[What you are asked to do]
Only the lines from the top of the listing below to the line that has "DADIDU GREY ABU" should be echoed, with both ends kept and pictures left out.

•••

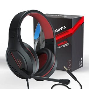 Gaming Headset Noise Cancelling Headphones with Microphone Kids and Adults 50mm Neodymium Drivers & 3.5mm Audio Jack Wired Over Ear Stereo Earphones for Online School/PC Game/Travel/Work Red
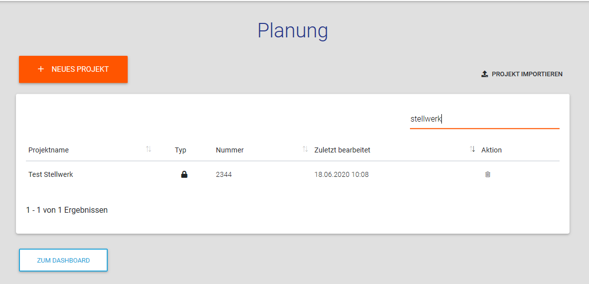 Wählen Sie über das Dashboard die Kachel „Planung“ aus. Sie gelangen auf die Übersichtsseite sämtlicher Projekte. Dort haben Sie die Möglichkeit bereits angelegte Projekte zu bearbeiten bzw. neue Projekte hochzuladen. Wollen Sie eine vorhandene Datei bearbeiten, klicken Sie einfach auf das entsprechende Projekt.
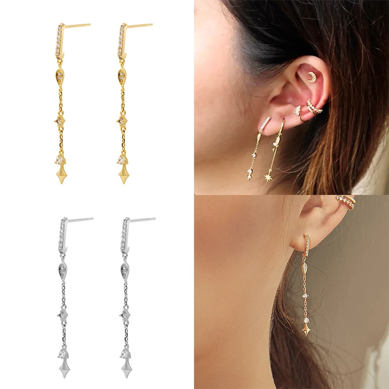 BOAKO 925 стерлингового серебра Starburst нити серьги CZ звезда дли...
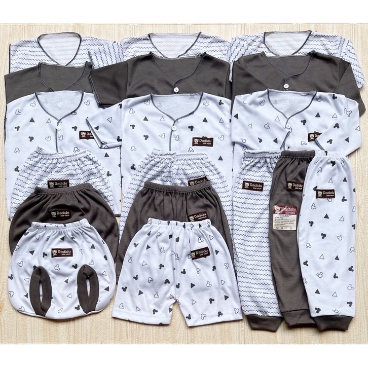 DADIDU GREY ABU TUA SERIES - 18 PCS Paket Baju Bayi Celana Bayi Setelan Bayi Baju Bayi Newborn Bayi Baru Lahir Lengkap
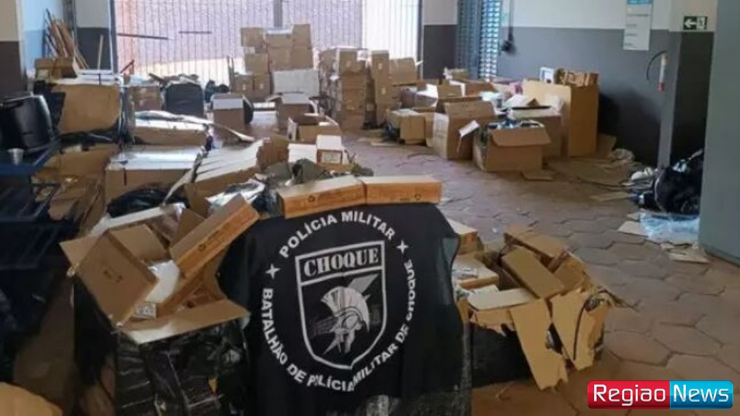 No galpão, três homens foram abordados. Dentro do baú e de um cômodo, foram localizadas várias caixas prontas para o transporte. Eram produtos vindos do Paraguai: celulares, perfumes, cartões de memória, cigarros eletrônicos.
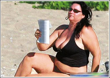 布鲁斯南版的“詹姆斯·邦德”向来身边靓女如云,但现实生活中,这位英国绅士只爱妻子——130公斤的肥婆姬丽·史密斯。54岁的布鲁斯南于2001年迎娶了比他小10岁的第二任太太姬丽,但在为丈夫先后生下两个儿子后,专心相夫教子的她身材走样儿,到了海滨度假总被媒体惊呼“鲸鱼搁浅”,但这全然不会动摇她在布鲁斯南心里的地位。上周在hawaii海滩,除了和老婆横抱在一起旁若无人的热吻以外,骑在一棵倒下的树桩上看剧本的布鲁斯南,还不时对着妻子做鬼脸只为博芳颜一笑。
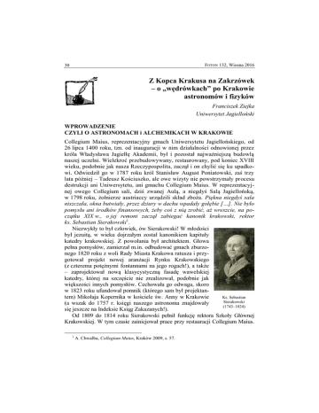 FOTON 132, Wiosna 2016 30 Z Kopca Krakusa na Zakrzówek – o „wędrówkach” po Krakowie astronomów i fizyków Franciszek Ziejka Uniwersytet Jagielloński WPROWADZENIE CZYLI O ASTRONOMACH i ALCHEMIKACH W KRAKOWIE Collegium Maius, reprezentacyjny gmach Uniwersytetu Jagiellońskiego, od 26 lipca 1400 roku, tzn. od inauguracji w nim działalności odnowionej przez króla Władysława Jagiełłę Akademii, był i pozostał najważniejszą budowlą naszej uczelni. Wielekroć przebudowywany, restaurowany, pod koniec XVIII wieku, podobnie jak nasza Rzeczypospolita, zaczął i on chylić się ku upadkowi. Odwiedził go w 1787 roku król Stanisław August Poniatowski, zaś trzy lata później – Tadeusz Kościuszko, ale owe wizyty nie powstrzymały procesu destrukcji ani Uniwersytetu, ani gmachu Collegium Maius. W reprezentacyjnej owego Collegium sali, dziś zwanej Aulą, a niegdyś Salą Jagiellońską, w 1798 roku, żołnierze austriaccy urządzili skład zboża. Piękna niegdyś sala niszczała, okna butwiały, przez dziury w dachu wpadały gołębie […]. Nie było pomysłu ani środków finansowych, żeby coś z nią zrobić, aż wreszcie, na początku XIX w., o jej remont zaczął zabiegać kanonik krakowski, rektor ks. Sebastian Sierakowski1. Niezwykły to był człowiek, ów Sierakowski! W młodości był jezuitą, w wieku dojrzałym został kanonikiem kapituły katedry krakowskiej. Z powołania był architektem. Głowa pełna pomysłów, zamierzał m.in. odbudować gmach zburzonego 1820 roku z woli Rady Miasta Krakowa ratusza i przygotował projekt nowej aranżacji Rynku Krakowskiego (z czterema potężnymi fontannami na jego rogach!), a także – zaprojektował nową klasycystyczną fasadę wawelskiej katedry, której na szczęście nie zrealizował, podobnie jak większości innych pomysłów. Cechowała go odwaga, skoro w 1823 roku ufundował pomnik (którego sam był projektantem) Mikołaja Kopernika w kościele św. Anny w Krakowie Ks. Sebastian Sierakowski (a wszak do 1757 r. księgi naszego astronoma znajdowały (1743–1824) się jeszcze na Indeksie Ksiąg Zakazanych!). Od 1809 do 1814 roku Sierakowski pełnił funkcję rektora Szkoły Głównej Krakowskiej. W tym czasie zainicjował prace przy restauracji Collegium Maius. 1 A. Chwalba, Collegium Maius, Kraków 2009, s. 57. FOTON 132, Wiosna 2016 31 W 1816 roku udało mu się pozyskać pierwszą dotację na ten cel, dzięki czemu wzmocniono strop Sali Jagiellońskiej (Auli). W 1821 roku podjął inne wielkie wyzwanie: zwrócił się do swojego następcy, rektora Walentego Litwińskiego, z propozycją ozdobienia – na własny koszt! – Sali Jagiellońskiej obrazami historycznymi z dziejów Uniwersytetu. Rektor Litwiński zgodził się, toteż kanonik Sierakowski przygotował program ikonograficzny, według którego Michał Stachowicz, najbardziej wzięty naówczas malarz krakowski, wykonał polichromię Sali, w której przez całe wieki odbywały się wykłady, ale i uroczyste promocje doktorskie. Pomysł i fundusze jednego, a talent drugiego sprawiły, że w 1821 roku Sala Jagiellońska została przekształcona w swoistą Księgę Dziejów Akademii Krakowskiej. W jedenastu wielkich obrazach i kilkudziesięciu mniejszych Stachowicz zamknął jej trzywiekową historię: od założenia aż po czasy potopu szwedzkiego. Co więcej, wystrój Sali wzbogacił kilkudziesięcioma portretami królów, uczonych i dobrodziejów Akademii2. Wspominam tu o tej sprawie, bowiem przy tej okazji niejako oficjalnie wprowadzono na karty historii naszej Wszechnicy jednego z „ojców duchowych” dzisiejszego Wydziału Fizyki, Astronomii i Informatyki Stosowanej Uniwersytetu Jagiellońskiego: astronoma Witelona z XIII wieku, którego autorzy pomysłu połączyli z postacią „krakowskiego” czarnoksiężnika – Twardowskiego. Okazuje się, że na jednym z przywołanych wyżej jedenastu obrazów Stachowicz pokazał Witelona prowadzącego obserwacje Słońca z Kopca Krakusa! W objaśnieniu tego dzieła, zamieszczoMichał Stachowicz, Vitelion nym w piśmie „Pszczółka Krakowska” Twardowski na Kopcu Krakusa z 1821 roku, Konstanty Majeranowski pisał: W szczupłym zajęciu ściany przy oknie umieszczony jest widok mogiły Krakusa, na której Vitelion Twardowski, astronomii jeszcze w XIII wieku sławny nauczyciel, przez narzędzie astronomiczne czyni obserwację słońca, a z uczniów po stronie jeden przez szkło optyczne zapala słomę, którą inny z daleka na kiju wyniesioną trzyma. Na równinie nad mogiłą widać domek drewniany, gdzie, jak niesie podanie, zamykał się Twar- 2 Szczegółowe opracowanie tego dzieła można znaleźć u Zbigniewa Michalczyka: Michał Stachowicz 1768–1825. Krakowski malarz między barokiem a romantyzmem, Warszawa 2011, t. I, s. 145–146. Wcześniej pisał o tym dziele Stachowicza Jerzy Dobrzycki w rozprawie pt. Dzieje Almae Matris pendzla Michała Stachowicza, Kraków 1925. 32 FOTON 132, Wiosna 2016 dowski dla czynienia swoich rachub i przechowywał narzędzia. Domek ten zwany był „Szkołą Twardowskiego”3. Witelon (Vitellion), sławny w całej Europie astronom i twórca optyki z XIII wieku, pochodził z Dolnego Śląska, a właściwie – z Legnicy4. Józef Sołtykowicz, który dał mu nawet polskie nazwisko Erazma Ciołka, nie wykluczał, że Witelon pochodził z Krakowa – co było już jednak pełną fantazją tego autora. Opowieść o Witelonie–Twardowskim na swój sposób dokumentowała istnienie na Zachodzie Europy, głównie w Niemczech, sławy Akademii Krakowskiej jako ośrodka uprawiania i nauczania czarnej magii. Sławy, którą podtrzymywała m.in. spisana w 1587 roku przez Johanna Spiessa Historia doktora Jana Fausta, szeroko okrzyczanego czarnoksiężnika i maga. Autor tej książki podobno przekonywał czytelników, że Faust w młodości wybrał się do Krakowa, do słynnej przed laty z czarnoksięstwa akademii i znalazł tamże jemu podobnych, którzy pojawili się tam, aby p

•••

[The completed task]
 Gaming Headset Noise Cancelling Headphones with Microphone Kids and Adults 50mm Neodymium Drivers & 3.5mm Audio Jack Wired Over Ear Stereo Earphones for Online School/PC Game/Travel/Work Red
 Wählen Sie über das Dashboard die Kachel „Planung“ aus. Sie gelangen auf die Übersichtsseite sämtlicher Projekte. Dort haben Sie die Möglichkeit bereits angelegte Projekte zu bearbeiten bzw. neue Projekte hochzuladen. Wollen Sie eine vorhandene Datei bearbeiten, klicken Sie einfach auf das entsprechende Projekt.
 BOAKO 925 стерлингового серебра Starburst нити серьги CZ звезда дли...
 DADIDU GREY ABU TUA SERIES - 18 PCS Paket Baju Bayi Celana Bayi Setelan Bayi Baju Bayi Newborn Bayi Baru Lahir Lengkap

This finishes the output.